Control
What is control? It sounds robotic, does it not?
Even typing the word gives me the shivers…
We usually use such words for computers, after all, not human beings!
To control oneself needn’t be understood in the realm of ‘restriction’, however, or other ways of describing the human as somewhat robotic or programmed for a single function. Self-control, instead, can give birth to life in all its many facets; wild, playful, routine or otherwise.
Let me explain how…
If the human being is indeed conscious - meaning he or she has a purposeful sense of self-will (or, ‘freedom of choice’) - then what is the ‘practice’ through which one indeed can choose to live best?
Many art forms, religions, educational methods, sports (etc) claim to be such a ‘practice’, and perhaps rightfully so. These practices needn’t be excluded, or shunned, from the ‘true’ practice of mindfulness.
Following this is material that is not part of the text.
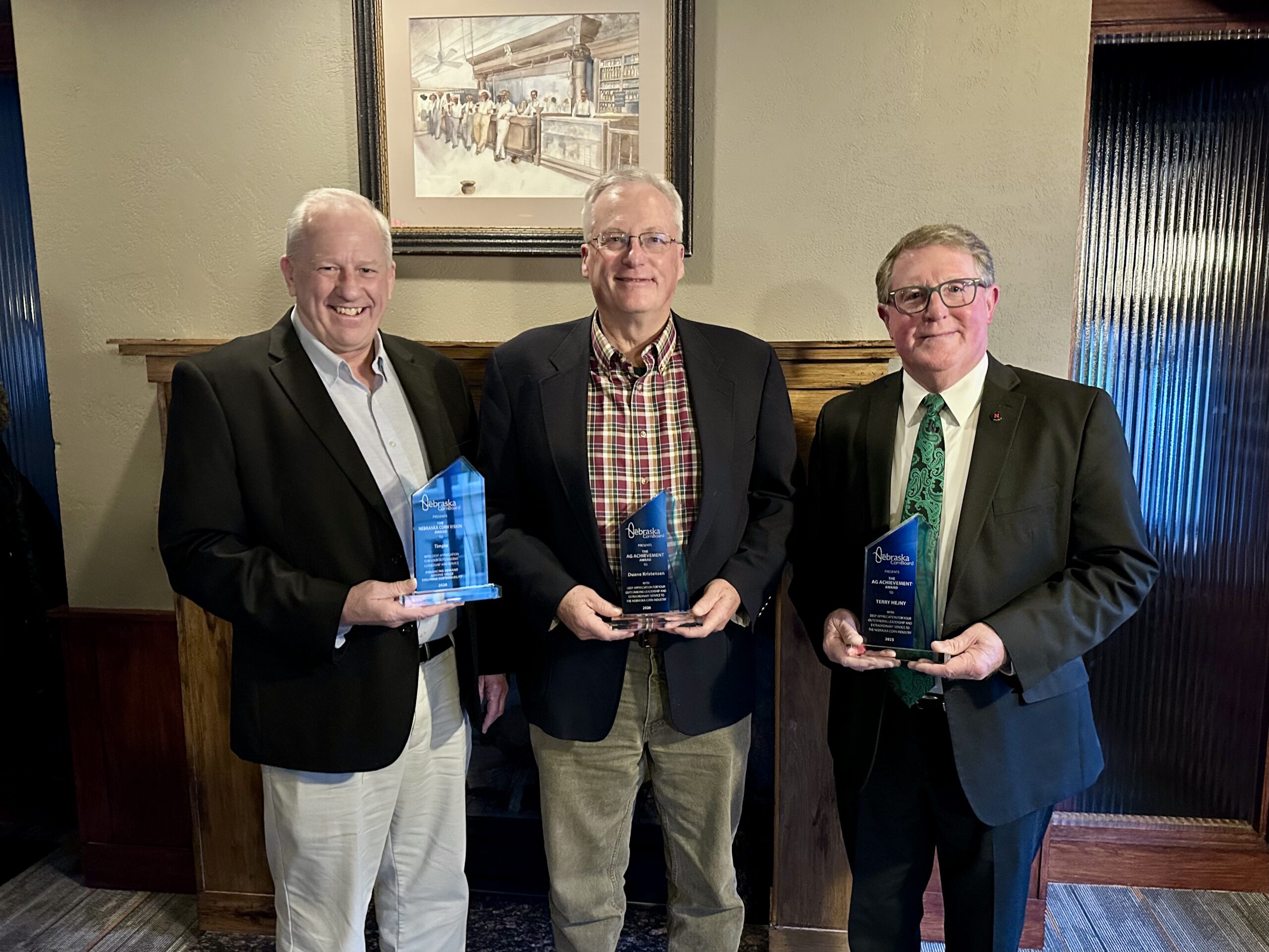 Recipients for the Nebraska Corn Board’s annual awards include Allen Meyer representing Timpte, Inc. for the Ag Vision Award, Duane Kristensen for the Ag Achievement Award and Dr. Terry Hejny, an Ag Achievement Award recipient.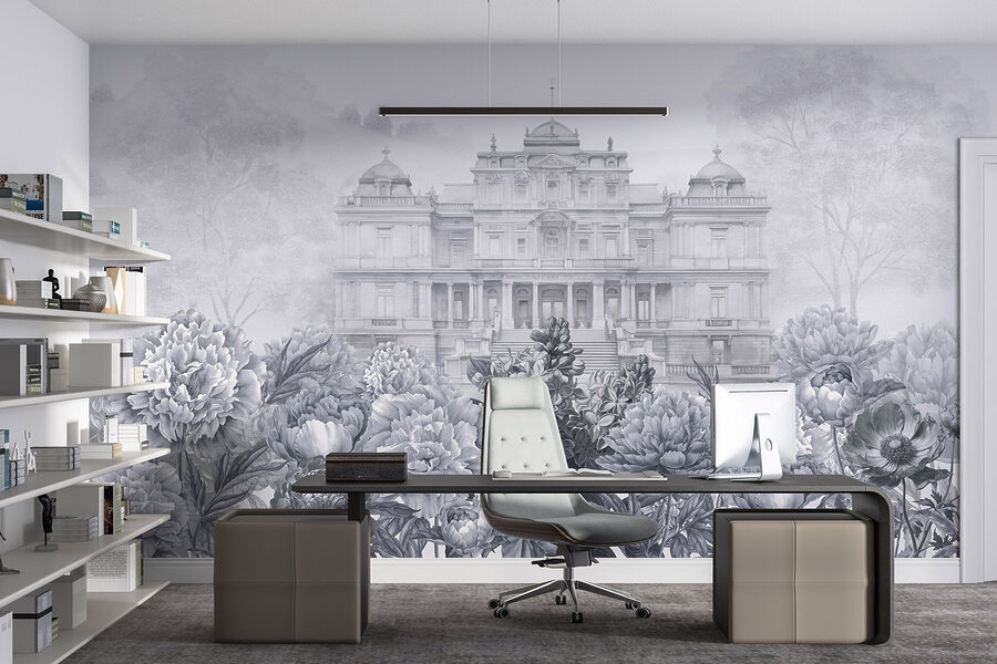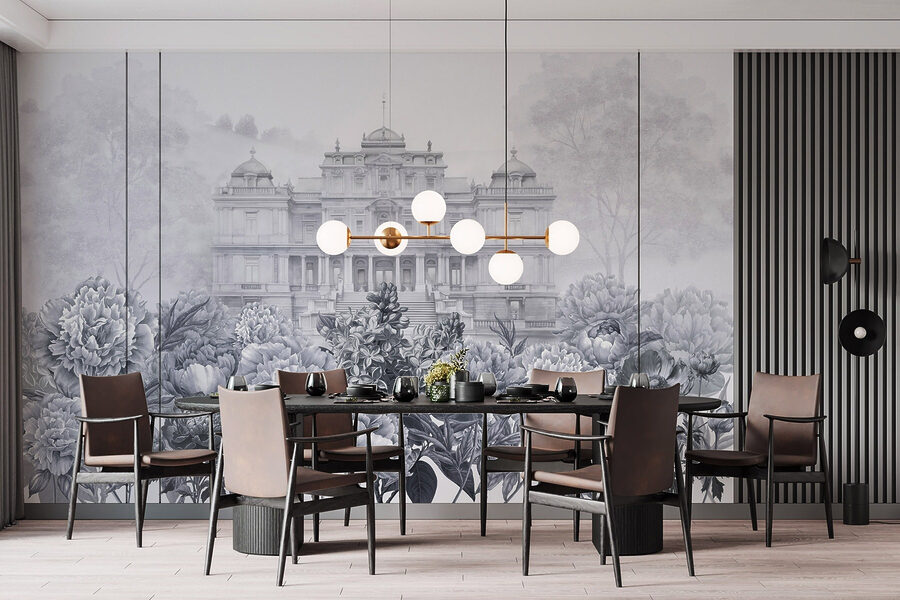 Μπείτε σε έναν κόσμο όπου η κομψότητα συναντά τη φύση με αυτή την εκπληκτική τοιχογραφία. Φανταστείτε ένα μεγαλοπρεπές λευκό κτίριο να ξεπροβάλλει μέσα από έναν καταπράσινο κήπο με παιώνιες, προσκαλώντας ονειροπολήσεις για απογευματινό τσάι σε μια ηλιόλουστη βεράντα. Οι απαλές αποχρώσεις του γκρι δημιουργούν ένα ηρεμιστικό σκηνικό, ιδανικό για να χαλαρώσετε μετά από μια κουραστική μέρα. Οι φίλοι θα σταματήσουν στη μέση της συζήτησης, γοητευμένοι από τη μοναδική ομορφιά. Είναι σαν να φέρνετε μια γεύση από ένα ευρωπαϊκό κτήμα στο σαλόνι σας, αλλά χωρίς την υψηλή τιμή. Τοποθετήστε αυτή την ομορφιά σε έναν τοίχο και δείτε τον χώρο σας να ανθίζει!

That being said, there is one ‘function’ which exists beneath all such practices, whether it be dance, prayer, writing, playing an instrument or taking part in a volleyball competition; and that function is the breath!
Control, in the most fundamentally human sense of the word, simply means to regulate one’s breath.
Sounds simple, does it not? Perhaps it is; and yet so few do it as a conscious practice, daily, weekly, monthly throughout their lives.
Imagine you were building a house and every time you laid down a certain number of bricks they collapsed through the ground beneath it. Most people, metaphorically speaking, would find a new arrangement or clever method of re-laying them without giving much attention to the very foundation (the floor) beneath it all.
Even if one took notice of the ground, they might pat it with their hand a little bit, perhaps find a more secure part, or just blindly try another piece of land somewhere else.
It’s obvious to see from this analogy that the real work – that which will support and maintain everything else on top – must come from the foundation underneath; in this case, the ground!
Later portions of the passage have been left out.